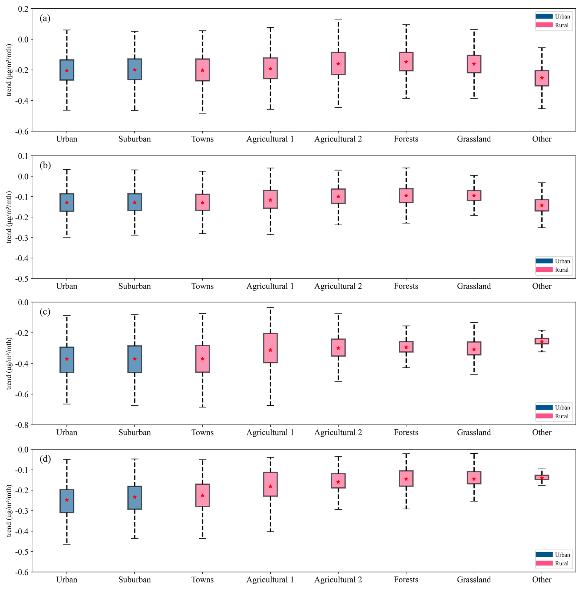Urban and rural areas, categorized by land cover type, comprised eight different categories. The study assessed their respective roles in PM concentration reduction trends and found that all eight categories showed declining PM trends. However, the regions with the highest PM reduction trends were mainly four types: urban core areas, suburbs, towns and agricultural land 1 (high agricultural pressure). In contrast, the reduction trends were less pronounced in agricultural land 2 (low agricultural pressure), forests, grassland and other areas.
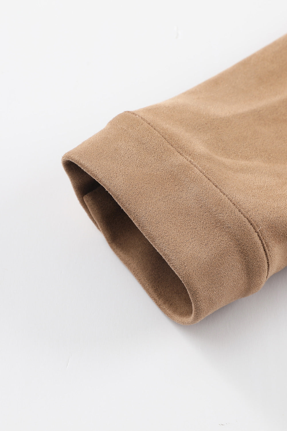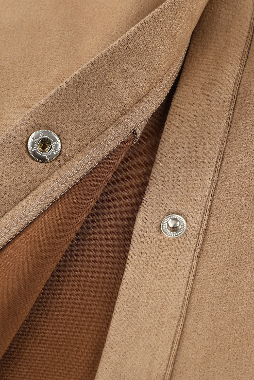 Envision attending a beautiful outdoor wedding reception, where the atmosphere is filled with joy and celebration. You don the Khaki Suede Shacket over a flowing maxi dress, adding a trendy layer that still feels appropriate for the occasion. The soft suede and fringe details catch the light as you dance and enjoy the festivities, while the easy snap button closures allow for quick adjustments as the evening cools down. Your style effortlessly transitions from ceremony to celebration, ensuring you look fabulous all night long.
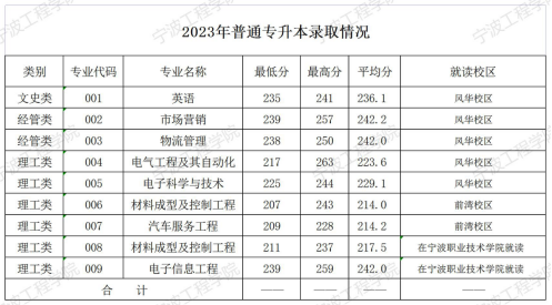 我校2023年普通专升本录取分数线详见下表,考生可在我校招生信息网【录取查询】自行查询拟录取结果。拟录取考生若不能如期毕业,将按规定取消录取资格,详见《浙江省教育考试院关于做好2023年选拔高职高专毕业生进入本科学习的通知》,我校按审核通过的名单办理录取手续,并寄发录取通知书。
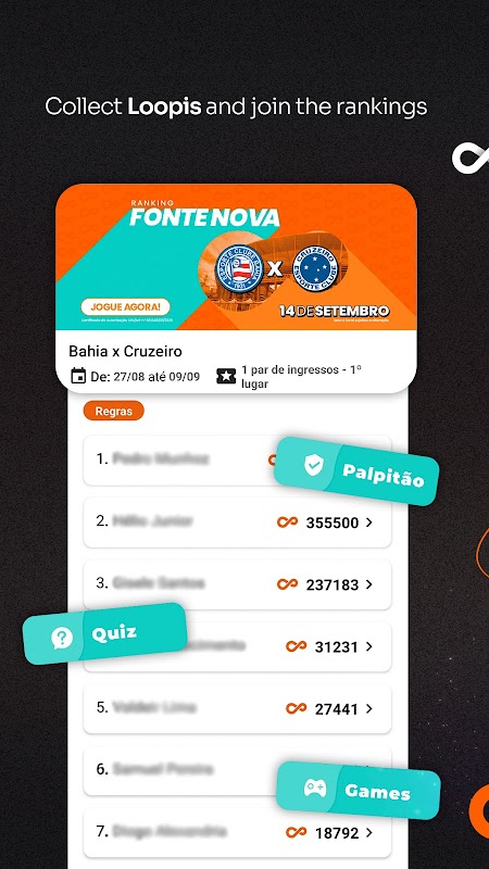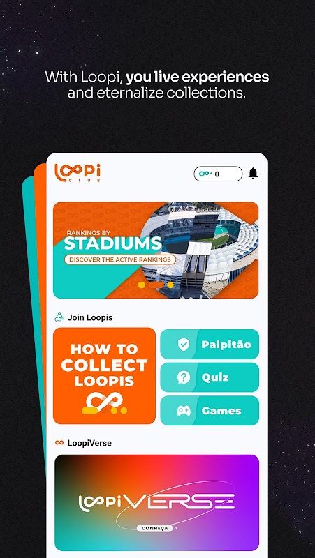 Earn points with games, predictions, and quiz questions, accumulate Loopis, and redeem them for VIP experiences such as matches and concerts in Brazil and around the world.
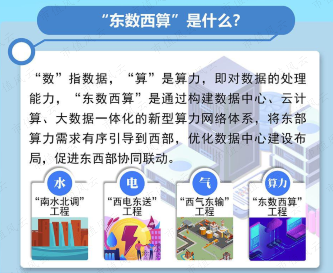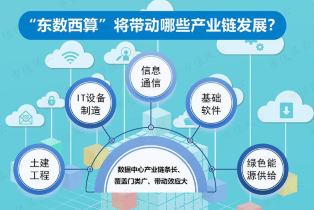 而随着“东数西算”工程的实施,将带动信息通信、IT设备制造、基础软件、土建工程、绿色能源供给等产业链的发展。
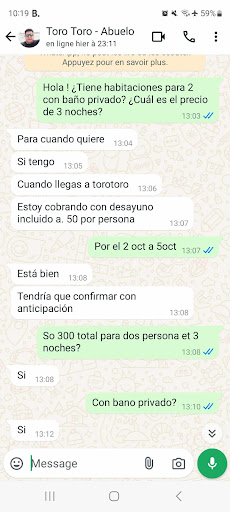 Read moreNous sommes arrivés à 3 personnes (un couple et une personne seule) avec 2 réservations incluant chambres privées et salle de bain privative chacune. Nous avons bien eu 2 chambres mais avec salle de bain partagée et la personne seule en dortoir de 4 personnes... De plus le WiFi gratuit ne fonctionnait pas au beau milieu de nulle part... Bref nous tentons de nous expliquer avec le gérant afin de trouver un arrangement ou au minimum une réduction sur le séjour mais celui-ci refuse catégoriquement et nous demande de partir en haussant le ton de manière impulsive sans raison. Nous avons bien entendu quitté le logement immédiatement et trouvé ailleurs. Aucun sens de la politesse et de...
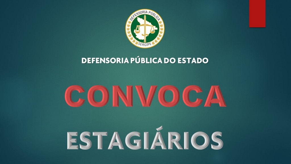 Defensoria Pública convoca estagiários do curso de Direito A Defensoria Pública do Estado de Sergipe convoca 10 estagiários do curso de Direito para se apresentarem no dia 30 de Novembro de 2015, das 8h30 às 12h, na sede da instituição situada na Travessa João Francisco da Silveira (início da Av. Barão de Maruim), …
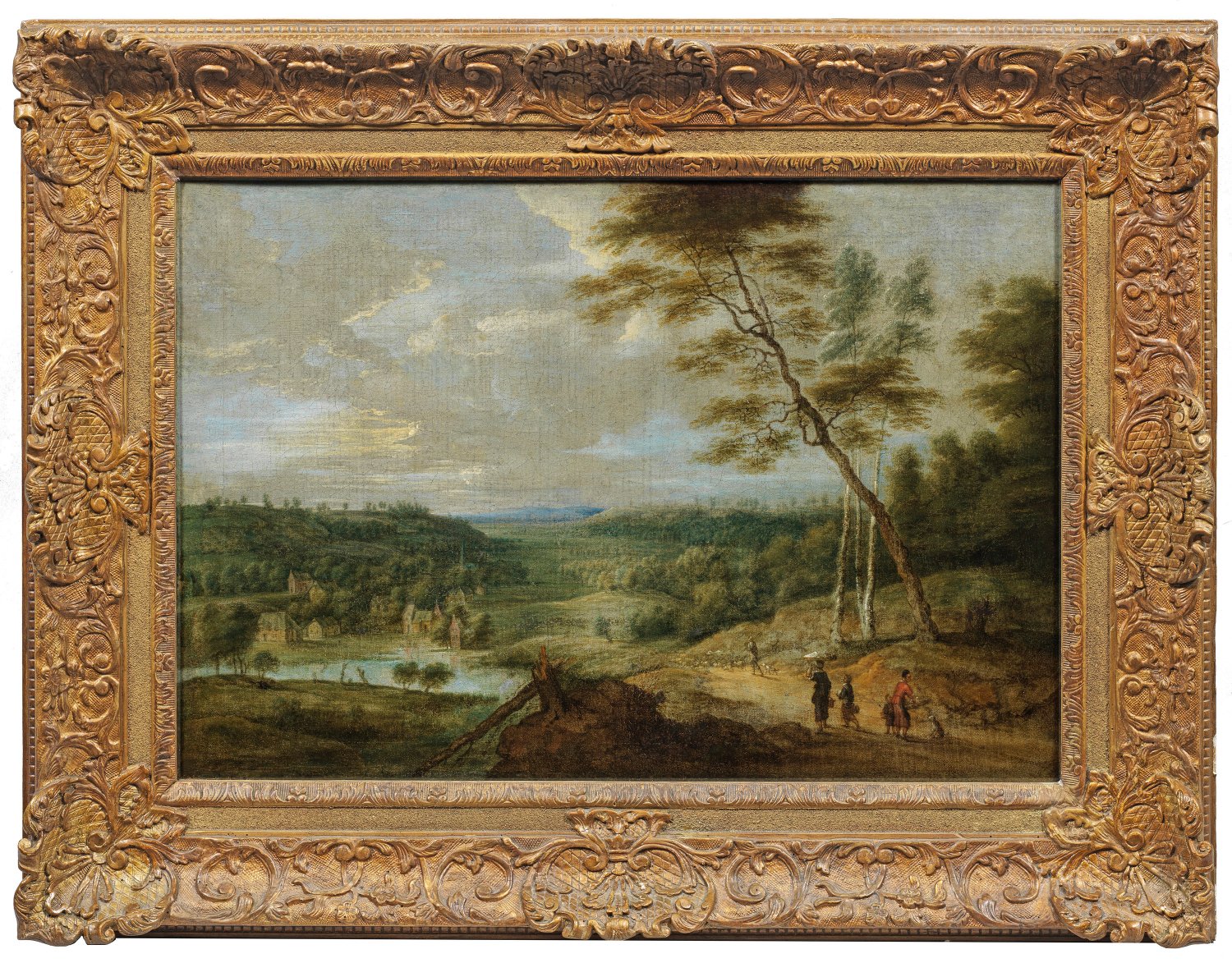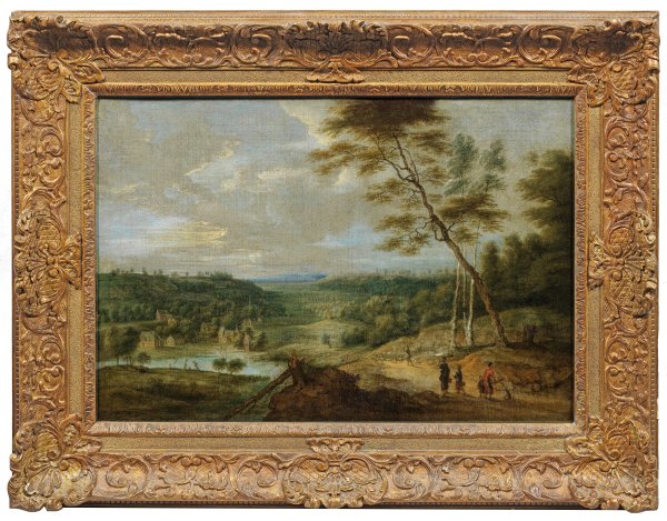 Komposition, Motiv und Stil der atmosphärisch gestimmten, sommerlichen Landschaft weisen auf ein Werk des Lucas van Uden hin. Aus einer Malerfamilie stammend wurde er 1626/27 in die Lukasgilde ausgenommen. Des öfteren arbeitete Lucas van Uden mit David Teniers d. J. zusammen, welcher die Figurenstaffage für seine Landschaften aus Brabant und Flandern schuf. Werke des flämischen Malers befinden sich in zahlreichen bedeutenden internationalen Museen, u.a. in Dresden, Petersburg, Brüssel, Frankfurt a. M., München, Antwerpen, Berlin und Wien. Öl/Lwd., doubl.; 49 cm x 73,5 cm. Rahmen.
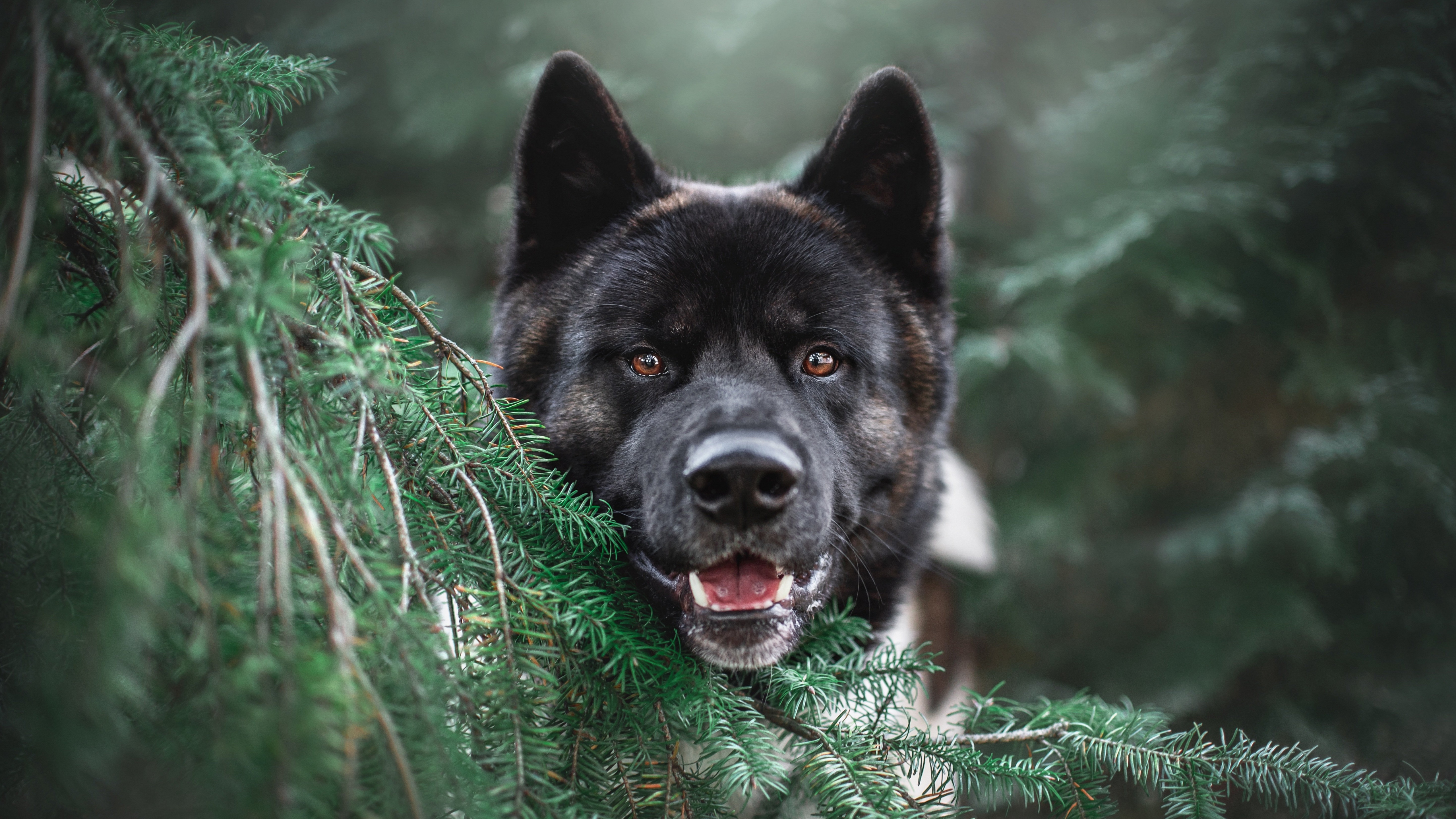 Description: A dog is peeking out from behind a tree branch with its mouth open and tongue out.
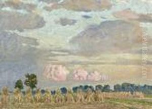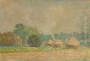 Landscape With Haystacks At Nightfall
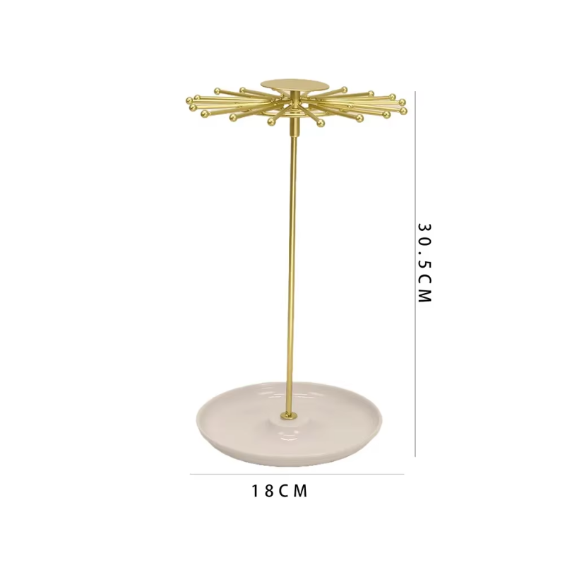 Metalstativet til smykker muliggør overskuelig opbevaring og udstilling af forskellige typer smykker. Takket være flere niveauer og kroge kan øreringe, halskæder, armbånd eller andre accessories hænges op.
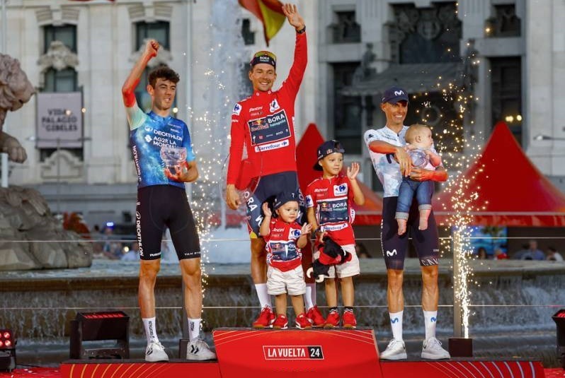 El podio de 2024: Roglic, O’Connor y Mas. Foto Sprint Cycling, click ver hilo con top-10 y las demás clasificaciones

* TASK GOAL: Start at the first line of the records and write out everything up to and including the line containing "我校2023年普通专升本录取". No pictures.

* ANSWER FOR THIS EXERCISE:
Urban and rural areas, categorized by land cover type, comprised eight different categories. The study assessed their respective roles in PM concentration reduction trends and found that all eight categories showed declining PM trends. However, the regions with the highest PM reduction trends were mainly four types: urban core areas, suburbs, towns and agricultural land 1 (high agricultural pressure). In contrast, the reduction trends were less pronounced in agricultural land 2 (low agricultural pressure), forests, grassland and other areas.
 Envision attending a beautiful outdoor wedding reception, where the atmosphere is filled with joy and celebration. You don the Khaki Suede Shacket over a flowing maxi dress, adding a trendy layer that still feels appropriate for the occasion. The soft suede and fringe details catch the light as you dance and enjoy the festivities, while the easy snap button closures allow for quick adjustments as the evening cools down. Your style effortlessly transitions from ceremony to celebration, ensuring you look fabulous all night long.
 我校2023年普通专升本录取分数线详见下表,考生可在我校招生信息网【录取查询】自行查询拟录取结果。拟录取考生若不能如期毕业,将按规定取消录取资格,详见《浙江省教育考试院关于做好2023年选拔高职高专毕业生进入本科学习的通知》,我校按审核通过的名单办理录取手续,并寄发录取通知书。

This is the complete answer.